Many testing frameworks have their own mechanisms for eliminating redundant object creation, usually in the form of a Setup() or Initialize() method, etc., and these can be used. But we prefer the method because we then gain the ability to decouple the specification from the fact that the behavior we’re specifying happens to be implemented in a class called MathUtils.  We could also change this design detail and the impact would only be on the helper method (the fact that C# has a var type is a real plus here… you might be limited a bit in other languages)

But the spec is also not about the particular method you call to get the mean, just how the calculation works, behaviorally.  Certainly an ArithmeticMean() method is logical, but what if we decided to make it more flexible, allowing any number of parameters rather than just two?  The meaning of "arithmetic mean" would not change, but our spec would have to.  Which seems wrong.  So, we could take the idea a little bit farther:

[TestClass]
public class MathTests
{
    [TestMethod]
    public void TestArithmeticMeanOfTwoValues()
    {
        // Setup
        var arithmeticMeanCalculator = GetArithmeticMeanCalculator();
        var anyFirstValue = 7.0;
        var anySecondValue = 4.0;
        var tolerance = .1;
        var expectedMean = (anyFirstValue + anySecondValue) / 2;

        // Trigger
        var actualMean = TriggerArithmeticMeanCalculator(
                         arithmeticMeanCalculator, 
                         anyFirstValue, anySecondValue);
        // Verify
        Assert.AreEqual(expectedMean, actualMean, tolerance);
    }

    private double TriggerArithmeticMeanCalculator(MathUtils mathUtils, 
                                                  double anyFirstValue, 
                                                  double anySecondValue)
    {
        return mathUtils.ArithmeticMean(anyFirstValue,
            anySecondValue);
    }

    private MathUtils GetArithmeticMeanCalculator()
    {
        return MathUtils.GetInstance();
    }


Now if we change the ArithmeticMean() method to take a container rather than discrete parameters, or whatever, then we only change this private helper method and not all the various specification-tests that show the behavior with more parameters, etc...

The idea here is to separate the meaning of the specification from the way the production code is designed.  We talk about the specification being one thing, and the "binding" being another.  The specification should change only if the behavior changes.  The binding (these private helpers) should only change if the design of the system changes.

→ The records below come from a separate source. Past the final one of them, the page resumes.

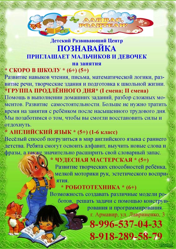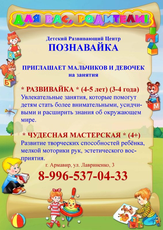 Здесь с любовью развивают интеллект ребятишек и готовят их к самостоятельной жизни в новой информационной эпохе. Педагоги не просто занимаются адаптацией к детскому саду и школе, уча разным навыкам и техникам социализации. Именно после таких занятий дети начинают осознавать себя как самостоятельные личности и уже в нежном детстве начинают осознавать, чем хотят заниматься в будущем. Не стоит экономить на времени и развитии ваших детей, они - это ваше будущее. Детский центр Познавайка представляет собой проверенное место, где готовы развивать способности ваших детей, обучать их навыкам коммуникаций, предоставлять пример настоящей дружбы, а также учить их не избегать всех препятствий, которые могут встретиться в жизни.
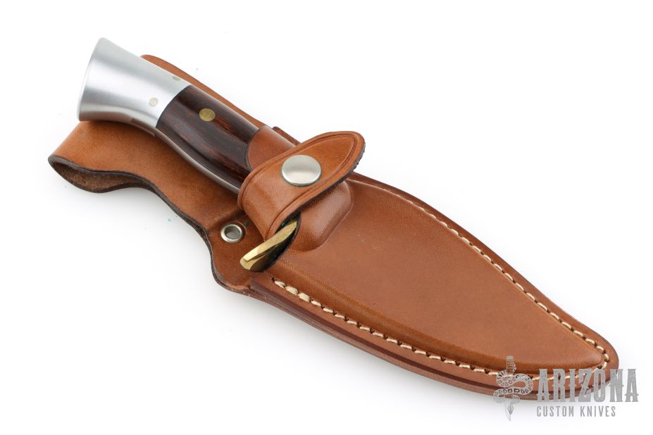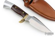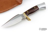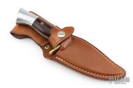 This knife by Westmark features a satin finished blade with false top edge, .176" blade stock and 1.489" blade depth, 3/4 full tang construction. The handle has a brass guard and pins, aluminum butt cap, dymondwood scales. Comes with original box, papers, and sheath. Has some verdigris on the brass portions. Excellent condition. #08025
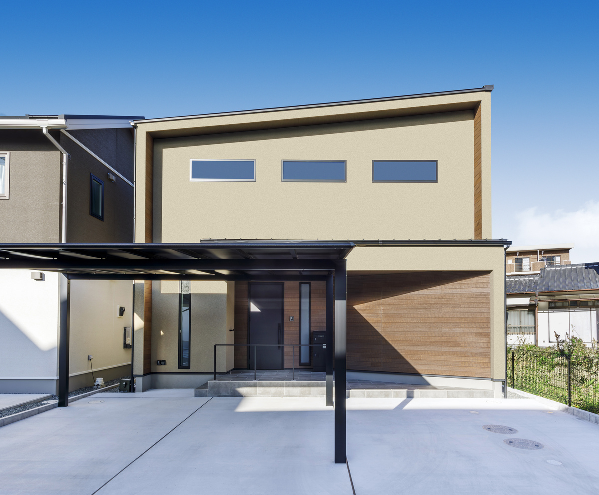 アースカラーの外壁がやさしさとぬくもりを演出する和モダンスタイルの外観。袖壁とラインの揃った窓のコントラストが絶妙で、何年経っても飽きのこない佇まいが素敵です
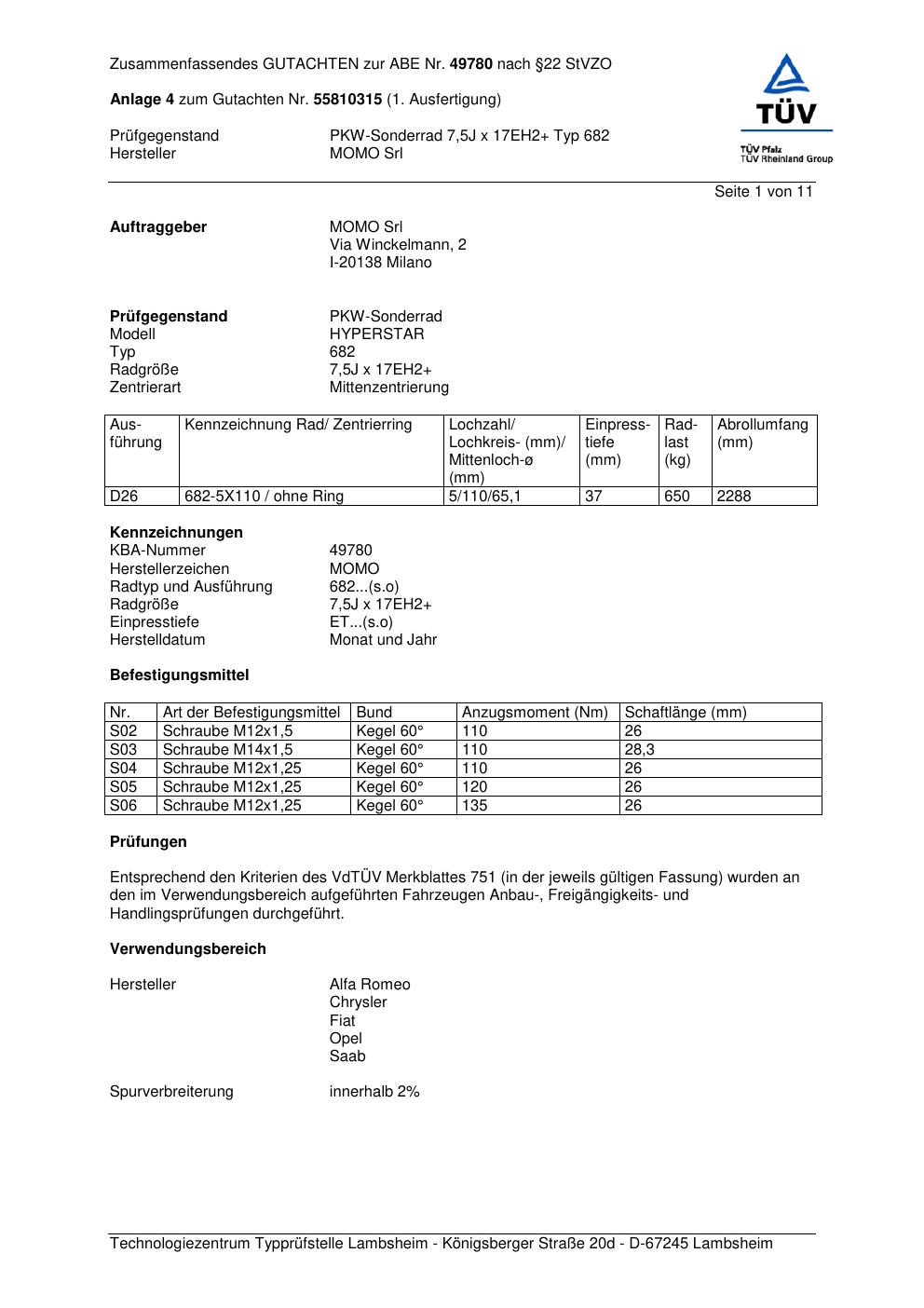 Felgengutachten / ABE für Alufelgen Momo HYPERSTAR (7.5Jx17 ET 0, Mittenloch 0 mm) mit KBA 49780 (Zertifikatsnummer 55810315__Anlage_4). Hier kostenlos als PDF herunterladen. Der Download-Link ist 24 Stunden gültig und kann bis zu zwei Mal verwendet werden.
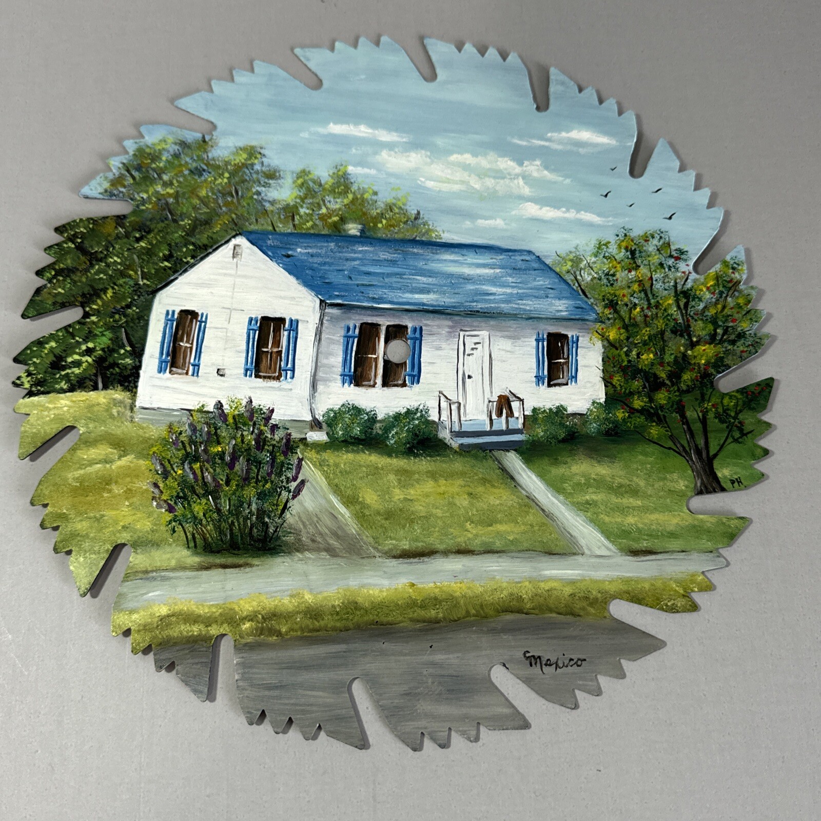 Vintage Hand Painted Round Saw Blade Small House Mexico, MO. Rustic 9 Signed PH
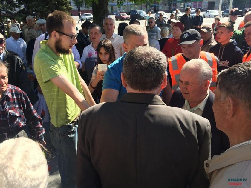 Активисты заявили, что увидели у митингующих запрещенную символику. Завязалась словесная перепалка. «Комуняку на Гиляку» - «а Бандеру в сраку»- стороны обменялись комплиментами.

Another benefit here is clarity, and readability.  Let's improve it a bit more:

[TestClass]
public class MathTests
{
    [TestMethod] 
    public void TestArithmeticMeanOfTwoValues()
    {
        // Setup
        var anyFirstValue = 7.0;
        var anySecondValue = 4.0;
        var tolerance = .1;

        // Trigger
        var actualMean = TriggerArithmeticMeanCalculation(
                                             anyFirstValue,  '  
                                             anySecondValue);
           
        // Verify
        var expectedMean = (anyFirstValue + anySecondValue) / 2;
        Assert.AreEqual(expectedMean, actualMean, tolerance);
    }

    private double TriggerArithmeticMeanCalculation(
                                double anyFirstValue, 
                                double anySecondValue)
    {
        var arithmeticMeanCalculator = GetArithmeticMeanCalculator();
        return arithmeticMeanCalculator.
                                ArithmeticMean(anyFirstValue, 
                                anySecondValue);
    }

    private MathUtils GetArithmeticMeanCalculator()
    {
        return MathUtils.GetInstance();
    }
}

We have moved the call GetArithmeticMeanCalculator() to the Trigger, and expectedMean to the Verification [3].  Also we changed the notion of "trigger the calculator" to "trigger the calculation". Now, remember the original specification?

Given:
     Two real values R1 and R2
     Required accuracy A is 0.1
When:
     The Arithmetic Mean of R1 and R2 is requested
Then:
     The return is (R1+R2)/2, accurate to A

The unit test, which is our specification, very closely mirrors this Given-When-Then expression of the behavior. Do we really need the comments to make that clear?  Probably not.  We’ve created a unit test that is a true specification of the behavior without coupling it to the specifics of how the behavior is expressed by the system.

Can we take this even further?  Of course... but that's for another entry. :)

[1] It should be acknowledged that Max prefers to say "it is a test which also serves as a specification."  We'll probably beat him into submission :), but for the time being that's how he likes to think of it.  We welcome discussion, as always.

[2] Better Software Magazine, March 2006.

[3] It should also be acknowledged that we're currently discussing the relative merits of using Setup/Trigger/Verify in TDD rather than just sticking with Given/When/Then throughout. See Grzegorz Gałęzowski's very interesting comment below on this (and other things).